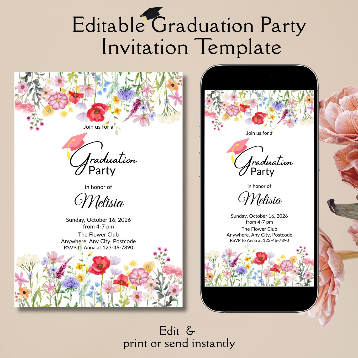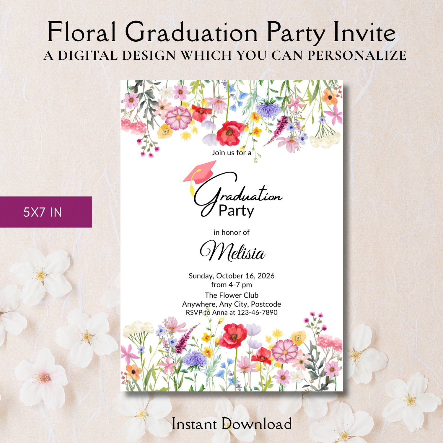 - Floral Graduation Invitation Template 5x7 in (good for printing)
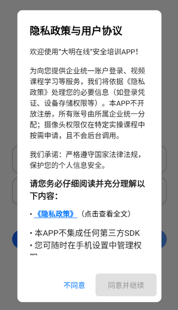 1、打开大明在线app,点击同意隐私政策与用户协议
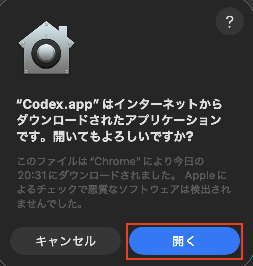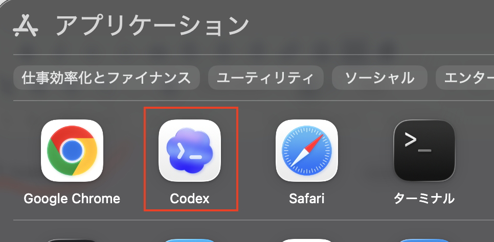 Codexアプリのインストール後、アプリケーションに「Codex」アイコンがあるのでクリックして起動します。
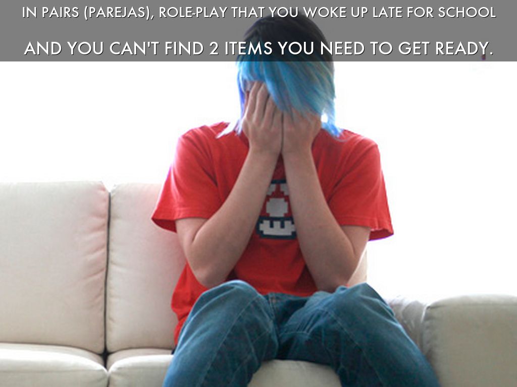 IN PAIRS (PAREJAS), ROLE-PLAY THAT YOU WOKE UP LATE FOR SCHOOL
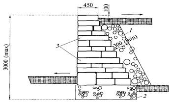 Рис. 12.21. Конструкция подпорной стенки из камня — «сухая кладка»: 1 – Щебёночная засыпка;; 2 – щебень; 3 – перевязочный камень

• **Problem details**
Output each record above exactly; omit the images.

• **Task output**
 - Floral Graduation Invitation Template 5x7 in (good for printing)
 1、打开大明在线app,点击同意隐私政策与用户协议
 Codexアプリのインストール後、アプリケーションに「Codex」アイコンがあるのでクリックして起動します。
 IN PAIRS (PAREJAS), ROLE-PLAY THAT YOU WOKE UP LATE FOR SCHOOL
 Рис. 12.21. Конструкция подпорной стенки из камня — «сухая кладка»: 1 – Щебёночная засыпка;; 2 – щебень; 3 – перевязочный камень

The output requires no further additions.